# Setup on a touring car



## gunlocators (Feb 27, 2007)

Is there any good articles on setting up touring cars i just got a used xray 007 and i cannot get it to handle tight corners at all even driving slow during test the car has a large turn radius compared to my sons tc4 this thing turns a lot wider


----------



## 95newb (Jun 5, 2003)

gunlocators said:


> Is there any good articles on setting up touring cars i just got a used xray 007 and i cannot get it to handle tight corners at all even driving slow during test the car has a large turn radius compared to my sons tc4 this thing turns a lot wider


Not sure if you have checked the Xray site yet or not but you may want to pay it a visit. On the forums you can find setup sheets and tips for the cars. Out of the box the car is pretty tight and sweet depending on what you are running on....

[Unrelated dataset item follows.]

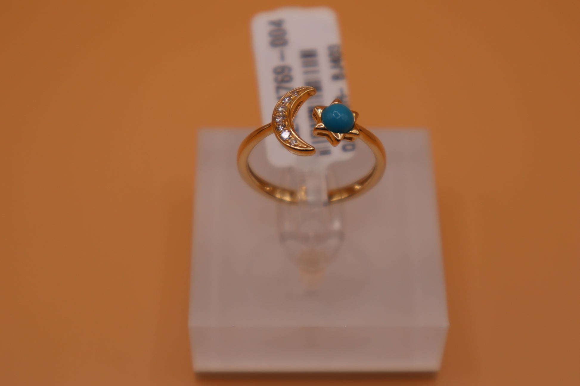 Anillo de diamante y piedra turquesa en oro amarillo de 14k!!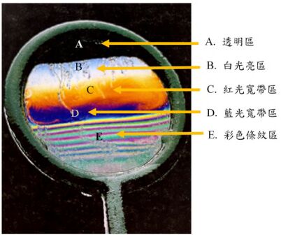 四、肥皂水薄膜上色彩繽紛的光學現象探究:下圖顯示一肥皂水薄膜形成於 傾斜或垂直擺放的中空環中,當其受到白光垂直照射時,可觀察到表面 出現一系列由上至下排列的繽紛色帶。這些色帶在顏色與寬度上皆有所變化,圖中以 A、B、C、D 與 E 標示出五個具有代表性的區域,供以下 問題作答參考。

Here is a quick link to the forums that may help you out.... http://forum.teamxray.com/viewforum.php?f=8

Hope that helps


----------



## Noah at HTU (May 4, 2006)

Look around for the Set-Up book. It's great. Everything you need to know. I usually see them on EBay. It's also on their forums, I would print it out and put it in a binder.


----------



## Rich Chang (Sep 25, 2001)

Here are some summary sheets I had put together based on info I had gathered.

http://richardchang.com/hobby.php

-Rich


----------



## Go4iT (Jan 20, 2003)

I would suggest looking at your transmitter settings. End Point Adjustment (EPA) needs to set equal R/L so the car turns at the same radius in both directions. Try using 4-ft Rad. Put the car against a wall and turn hard R/L so by the time its at 180 degrees from the wall you are about 4-ft. away from where you started.
Let me know if it works for you... good luck.


----------